I knew you meant this ironically Kelvin but just the same, I think I may have a new signature line

"Since not having a clue has never stopped me from commenting before…I'll jump in on this one as well."

At any rate, I'd say that now that it's clean, you should swab some SlipIt on there. It's cheap, and you won't believe how well it works. You'll wonder how you ever got on without it. I know I did. The friction between the tabletop and the wood you're cutting will drop 50% or more. The less force you need to exert pushing your hand towards a carbide blade, the happier you will be.

Also, this is the weirdest, coolest table cleaning methodology I've heard in a while. I'd try it myself, but I finally got my tabletop shipshape and friction free…


----------



## Siegel_KenEvil (Aug 18, 2010)

Above is a picture of my table saw after the glue mask followed by a coat of Johnson's wax. Below is a picture of my band saw 12 hours after the glue was applied. Most the glue flaked off with no help on my part. The same thing happened on the table saw in large places but not the entire top. 

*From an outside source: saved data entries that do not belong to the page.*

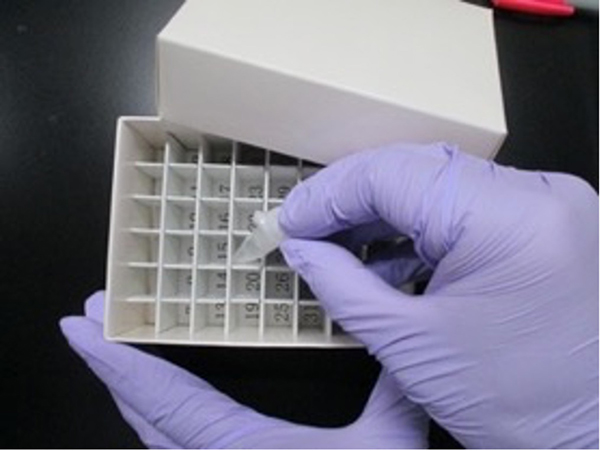 サンプルの入ったチューブに油性マジックでサンプル名を明記してください。シールを使用する場合は、凍結保存用のシールをご使用ください。輸送中にシールが剥がれることもありますので、念のためチューブにも油性ペンで直接記入してください。
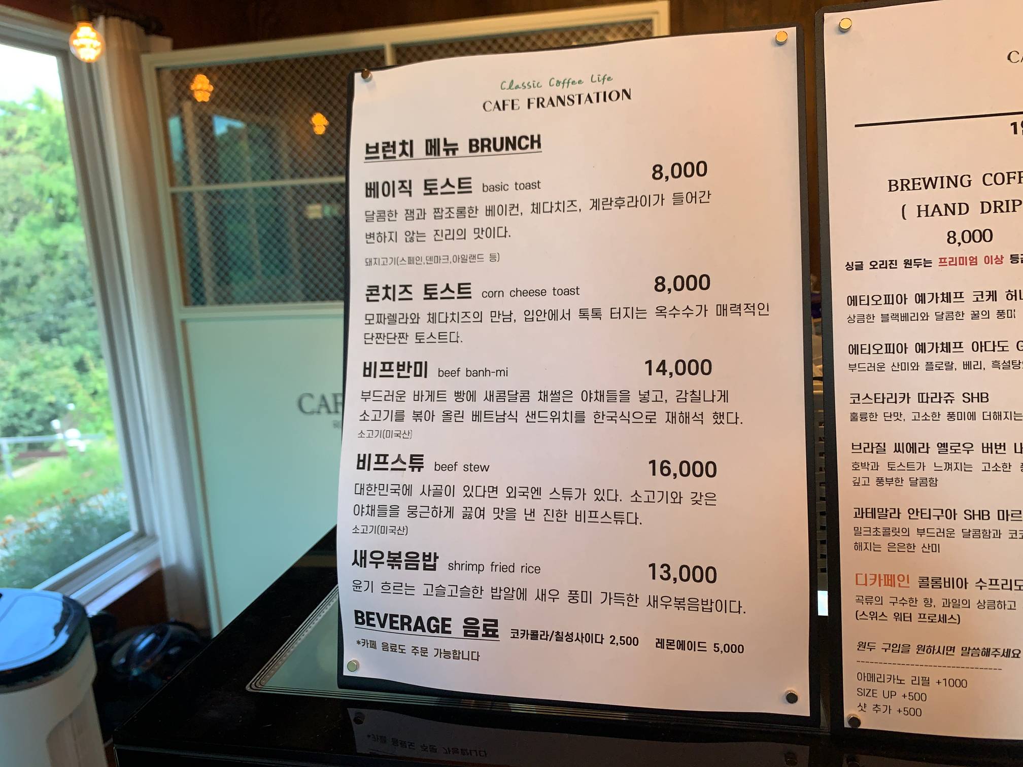 특히 여기 창가 자리에 앉았는데 창가 자리 분위기가 너무 좋았다.
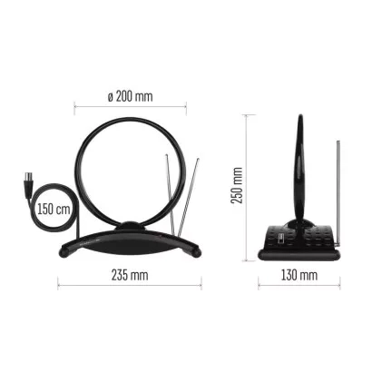 Svérázná pokojová anténa EM-209 uzpůsobená k bezchybnému příjmu radiového i digitálního televizního vysílání (DVB-T i DVB-T2), dokonce ve Full HD. Díky vestavěnému nízkošumovému zesilovači dosahuje vysokého zisku, který nijak nenaruší k tomuto účelu nežádoucí mobilní data (o to se postará LTE filtr). Jedná se o všesměrovou anténu (s přijímacím úhlem 360°) umožňující horizontální i vertikální polarizaci. Napájí se pomocí přiloženého síťového adaptéru.
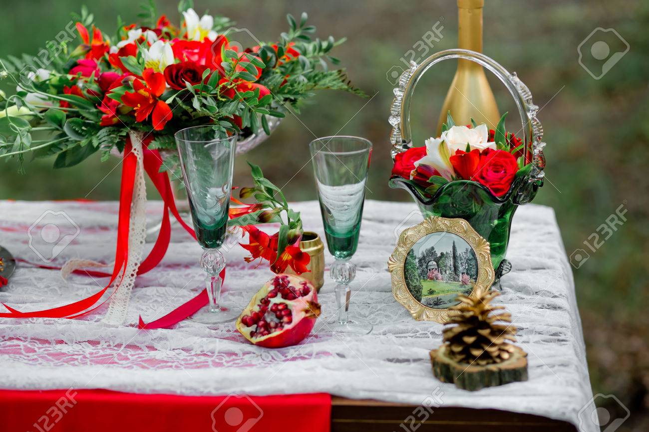 Decoration De Mariage Avec Des Lunettes Vertes Grenade Fleurs D
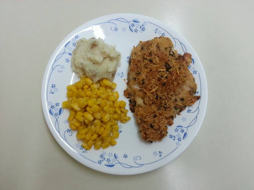 ranch parmesan crusted chicken with mash potatoes and corn
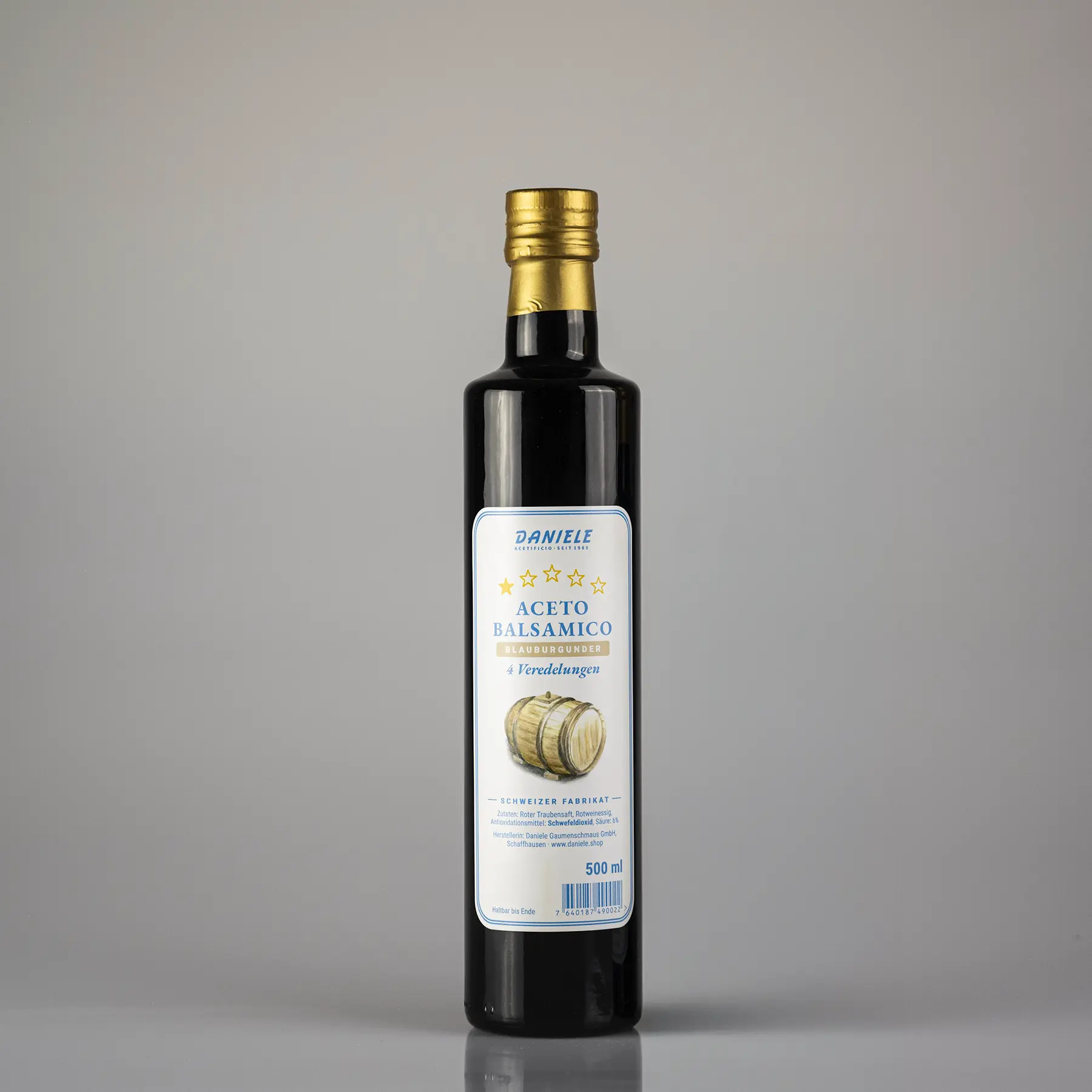 Aromatisieren sie Ihre Salatsauce mit dem Aceto Balsamico Daniele 1-Stern und spüren sie den Unterschied. Der Aceto taktet mit angenehm süssen und säuerlichen Fruchtnoten im Mund auf. Das Geschmacksspektrum erinnert an dunkle Beeren. Der erste – intensive – Eindruck ist mit angenehmen Lageraromen unterlegt, die dem Holzfass entstammen.
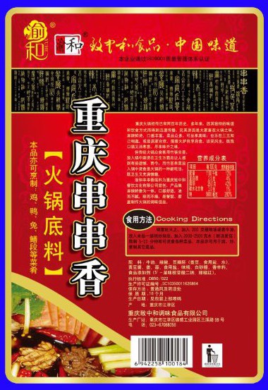 1.本外观设计产品的名称:包装袋(重庆串串香火锅底料)。2.本外观设计产品的用途:包装火锅底料。3.本外观设计产品的设计要点:在于图案。4.最能表明设计要点的图片或照片:主视图。5.本外观设计产品为平面产品,省略左视图,右视图,俯视图和仰视图。
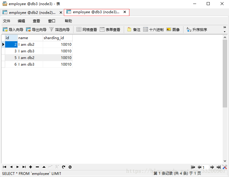 insert into employee(id,name,sharding_id) values(4, 'I am db1',10000);
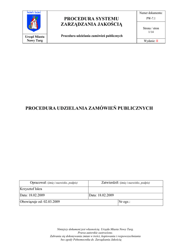 Numer dokumentu: PROCEDURA SYSTEMU ZARZĄDZANIA JAKOŚCIĄ PW-7.1 Strona / stron 1/14 Procedura udzielania zamówień publicznych Urząd Miasta Nowy Targ Wydanie: II PROCEDURA UDZIELANIA ZAMÓWIEŃ PUBLICZNYCH Opracował: (imię i nazwisko, podpis) Zatwierdził: (imię i nazwisko, podpis) Krzysztof Iskra Data: 18.02.2009 Data: 18.02.2009 Obowiązuje od: 02.03.2009 Nr egz.: Niniejszy dokument jest własnością Urzędu Miasta Nowy Targ. Prawa autorskie zastrzeŜone. Zabrania się dokonywania zmian w treści, kopiowania i rozpowszechniania bez zgody Pełnomocnika ds. Zarządzania Jakością Numer dokumentu: PROCEDURA SYSTEMU ZARZĄDZANIA JAKOŚCIĄ PW-7.1 Strona / stron 2/14 Procedura udzielania zamówień publicznych Urząd Miasta Nowy Targ Wydanie: II KARTA ZMIAN Lp. Wprowadzono Anulowano Data zmiany Wprowadzający zmianę ROZDZIELNIK Lp. Otrzymujący procedurę Nr egz. 1 2 3 4 5 Pełnomocnik ds. Zarządzania Jakością Burmistrz Miasta Audytor Wewnętrzny Radca Prawny Naczelnik Wydziału Organizacyjnego Naczelnik Wydziału Gospodarki Nieruchomościami i Planowania Przestrzennego Skarbnik Miasta Naczelnik Wydziału Rozwoju i Inwestycji Naczelnik Wydziału Gospodarki Komunalnej i Drogownictwa Naczelnik Wydziału Infrastruktury Społecznej i Promocji Naczelnik Wydziału Spraw Obywatelskich Naczelnik Wydziału Oświaty Kierownik Referatu ds. Ochrony Środowiska Kierownik Referatu Zamówień Publicznych Komendant StraŜy Miejskiej 1 2 3 4 5 6 7 8 9 10 11 12 13 14 15 Data otrzymania 6 7 8 9 10 11 12 13 14 15 Niniejszy dokument jest własnością Urzędu Miasta Nowy Targ. Prawa autorskie zastrzeŜone. Zabrania się dokonywania zmian w treści, kopiowania i rozpowszechniania bez zgody Pełnomocnika ds. Zarządzania Jakością Podpis Numer dokumentu: PROCEDURA SYSTEMU ZARZĄDZANIA JAKOŚCIĄ PW-7.1 Strona / stron 3/14 Urząd Miasta Nowy Targ 16 17 18 19 20 21 22 23 24 25 26 27 28 29 30 31 32 33 34 35 Procedura udzielania zamówień publicznych Kierownik Urzędu Stanu Cywilnego Dyrektor Miejskiego Ośrodka Kultury Dyrektor Miejskiej Biblioteki Publicznej Kierownik Ośrodka Pomocy Społecznej Dyrektor Zakładu Gospodarczego Zieleni i Rekreacji Kierownik Zakładu Gospodarki Mieszkaniowej Kierownik Miejskiego Zakładu Komunikacji Dyrektor Miejskiego Zakładu Wodociągów i Kanalizacji Dyrektor Zespołu Obsługi Ekonomicznej Szkół i Przedszkoli Dyrektor Przedszkola Nr 2 Dyrektor Przedszkola Nr 4 Dyrektor Szkoły Podstawowej Nr 2 im. Mikołaja Kopernika Dyrektor Szkoły Podstawowej Nr 3 im. Jana Pawła II Dyrektor Szkoły Podstawowej Nr 4 Dyrektor Szkoły Podstawowej Nr 5 im. Konfederacji Tatrzańskiej Dyrektor Szkoły Podstawowej Nr 6 im. Burmistrza Nowego Targu Józefa Rajskiego Dyrektor Szkoły Podstawowej Nr 10 Dyrektor Szkoły Podstawowej Nr 11 im. śołnierzy Armii Krajowej Dyrektor Gimnazjum Nr 1 im. Tadeusza Kościuszki Dyrektor Gimnazjum Nr 2 im. Kardynała Stefana Wyszyńskiego Wydanie: II 16 17 18 19 20 21 22 23 24 25 26 27 28 29 30 31 32 33 34 35 Niniejszy dokument jest własnością Urzędu Miasta Nowy Targ. Prawa autorskie zastrzeŜone. Zabrania się dokonywania zmian w treści, kopiowania i rozpowszechniania bez zgody Pełnomocnika ds. Zarządzania Jakością Numer dokumentu: PROCEDURA SYSTEMU ZARZĄDZANIA JAKOŚCIĄ PW-7.1 Strona / stron 4/14 Urząd Miasta Nowy Targ Procedura udzielania zamówień publicznych Wydanie: II SPIS TREŚCI 1. 2. 3. 4. 5. CEL I PRZEDMIOT PROCEDURY ..................................................................... 5 ZAKRES OBOWIĄZYWANIA ............................................................................ 5 TERMINOLOGIA I SKRÓTY ............................................................................... 5 WŁAŚCICIEL PROCEDURY................................................................................ 6 ODPOWIEDZIALNOŚĆ I KOMPETENCJE ...................................................... 6 5.1 5.2 5.3 5.4 5.5 5.6 6. 7. 8. 9. Burmistrz Miasta Nowy Targ jest odpowiedzialny za: ............................................... 6 Naczelnicy Wydziałów, Kierownicy Referatów są odpowiedzialni za: ..................... 7 Skarbnik miasta lub upowaŜniona osoba jest odpowiedzialny za:.............................. 7 Pracownicy merytoryczni są odpowiedzialni za: ........................................................ 7 Komisja Przetargowa jest odpowiedzialna za:............................................................ 7 Dyrektorzy i Kierownicy jednostek organizacyjnych są odpowiedzialni za: ............. 7 SZCZEGÓŁOWE ZASADY POSTĘPOWANIA. .............................................. 8 6.1 Ogólne zasady realizacji zamówień publicznych........................................................ 8 6.2 Zamówienia do 14 000 euro........................................................................................ 9 6.3 Sposób postępowania przy udzieleniu zamówień, których wartość nie przekracza 2 000 zł:....................................................................................................................... 9 6.4 Sposób postępowania przy udzieleniu zamówień, o wartości od 2000 zł do 14 000 euro: ..................................................................................................................................... 9 6.5 Obieg dokumentów związanych z postępowaniami o zamówienia publiczne których wartość szacunkowa przekracza wyraŜoną w złotych równowartość 14 000 euro... 10 6.6 Planowanie zamówień oraz sprawozdawczość ......................................................... 11 6.7 Umowy w sprawach zamówień publicznych ............................................................ 12 6.8 Nadzór i kontrola....................................................................................................... 13 6.9 Postanowienia końcowe ............................................................................................ 13 ZAPISY ...........................................
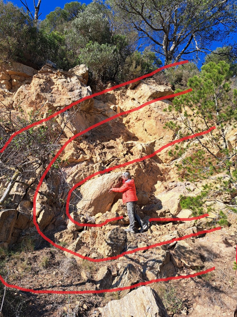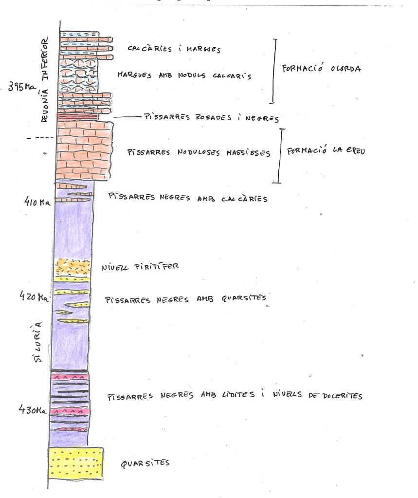 Aquí ens delectem amb l’observació d’un gran paquet de calcàries i margues, anomenat Formació Olorda, del Devonià inferior, format fa uns 395 milions d’anys per la unió dels ions bicarbonat (2HCO3¯) i calci (Ca2+) que donen lloc carbonat de calci (CaCO3), que ésinsoluble i es diposita i consolida damunt la plataforma continental com qualsevol altra calcària.
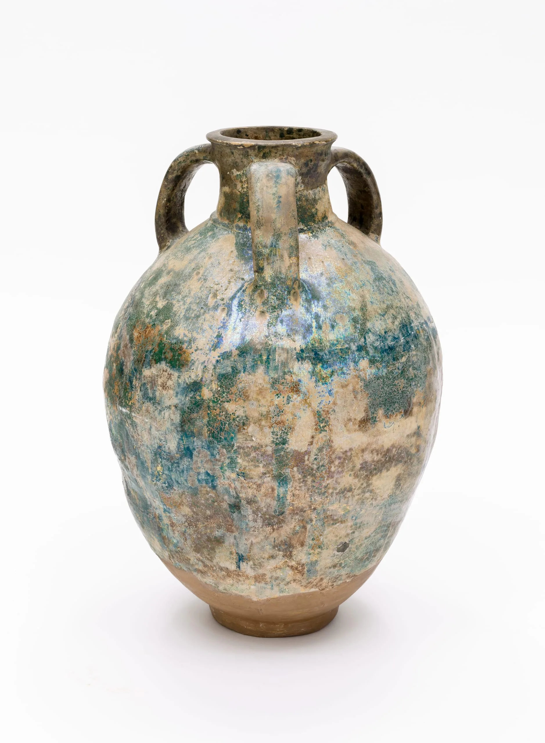 This pair of turquoise-glazed storage jars (also see M.2015.60.1) was likely manufactured in a Euphrates kiln, probably in the town of Raqqa, in northern Syria, which was an important center for ceramic production in the twelfth and thirteenth centuries. The ovoid shape of these vessels goes back to pre-Islamic times and continued into the medieval Islamic period. Such jars, made to be aesthetically pleasing despite their mundane utilitarian function, were used to store and transport a wide variety of substances both liquid and solid. These twin vessels are notable for their uncommonly large size.
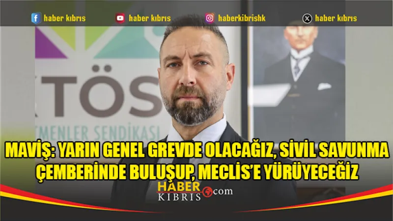 KTÖS Genel Sekreteri Burak Maviş, yarın genel grev düzenleyeceklerini ve saat 09.30'da Sivil Savunma Çemberi'nde toplanarak Meclis'e yürüyeceklerini açıkladı.

I had the ole propane heater running when I put the glue on. Right now, it's about 5 degrees (F) in there so that might explain the flaking.


----------



## dankc908 (Dec 3, 2011)

Once again - what type of glue? This sounds interesting!


----------



## KelvinGrove (Mar 1, 2013)

Thanks Nicholas, The line is a take off on a guy I used to work with in the fire house (as you might imagine, fire fighters are as independent as hogs on ice) who would routinely join a conversation by saying "I don't know…but let me tell you"...

It always got a laugh.

And feel free to quote me on that line…preferably credited to "Mr. Wizard"


----------



## Siegel_KenEvil (Aug 18, 2010)

It's wood glue. I think it's called PVA or PV. There's a picture of the empty bottle I used which happened to be Elmer's Wood Glue.


----------